The sheets were normally in groups of 50 or 100 (or if you were really lucky 150, see the yellow “coin” ones above left). However recently there has been a transition to sheets that have 40, 20, or even fewer stamps, but we will get back to that.

Traditionally individuals purchase stamps by going to their Post Office and getting a sheet. Now besides that fact that most sheets are lick and stick, they have glue on the back that you have to lick to make it attached to your envelope, First Class mail rates did not change all that often. So buying a whole sheet, even if you did not mail that often, was still a good deal.

Postage rates historically for 1 oz letter

  • 1885-1917 2¢
  • 1917-1919 3¢
  • 1919-1932 2¢
  • 1932-1958 3¢
  • 1958-1963 4¢
  • 1963-1968 5¢
  • 1968-1971 6¢
  • 1971-1974 8¢
  • 1974-1975 10¢
  • 1975-1978 13¢
  • 1978-1981 18¢
  • etc….

Fun Fact

Postage is now 47¢, as it sent DOWN on April 10,2016.

Recently we have had changes in 2012,2013,2014,2016. They are coming a lot more frequently. So what is the USPS to do to mitigate all of the changes??

New Normal

With all of the changes, the USPS came up with the Forever Stamp in 2007. These stamps have no postage amount on the stamp and regardless of the price you paid for it, it will work on first class postage at the current rate. In fact, all first class stamps after 2011 are “Forever Stamps” and no longer indicate a numerical value on the stamp.

All stamps are also self-adhesive, so no longer requiring the licking part of lick-n-stick.
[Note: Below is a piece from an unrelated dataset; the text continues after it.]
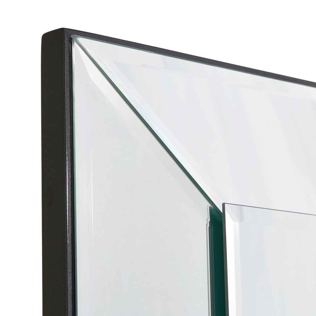 The Carmella Wall Mirror brings a touch of understated luxury to any space. Its all-mirrored finish reflects light beautifully, while the outer trim, finished in a rich charcoal hue with a hint of shimmer, adds modern elegance. Beveled glass enhances depth and refinement, making this sleek silhouette a perfect fit for any interior.

They are sold in booklets or sheets that are usually 20 stamps.

But I Have Stamp Sheets

So what do you do about the sheets you have. Use them. You cannot return stamps to the USPS. Once you buy them, they are yours forever! The current market doesn’t even value many of them at face. On the wholesale market they sell for 60-80% of face value. Centennial guarantees 50% of face value at its sales for postage. At the base level, people do not want to have to lick multiple stamps to send a letter.  However if you don’t mind then you can do all of your mail at a reduced cost from face value! Yes some do not taste great, in fact, there is a 9¢ stamp in green with the US capital on it that, IMHO, is the worst tasting stamp EVER!!!!!

Back to What I Was Saying

But I have a favor to ask the USPS, stop with the random layout of stamps, it killing me Smalls!!!! I don’t need to work this hard to find my stamp on your sheet!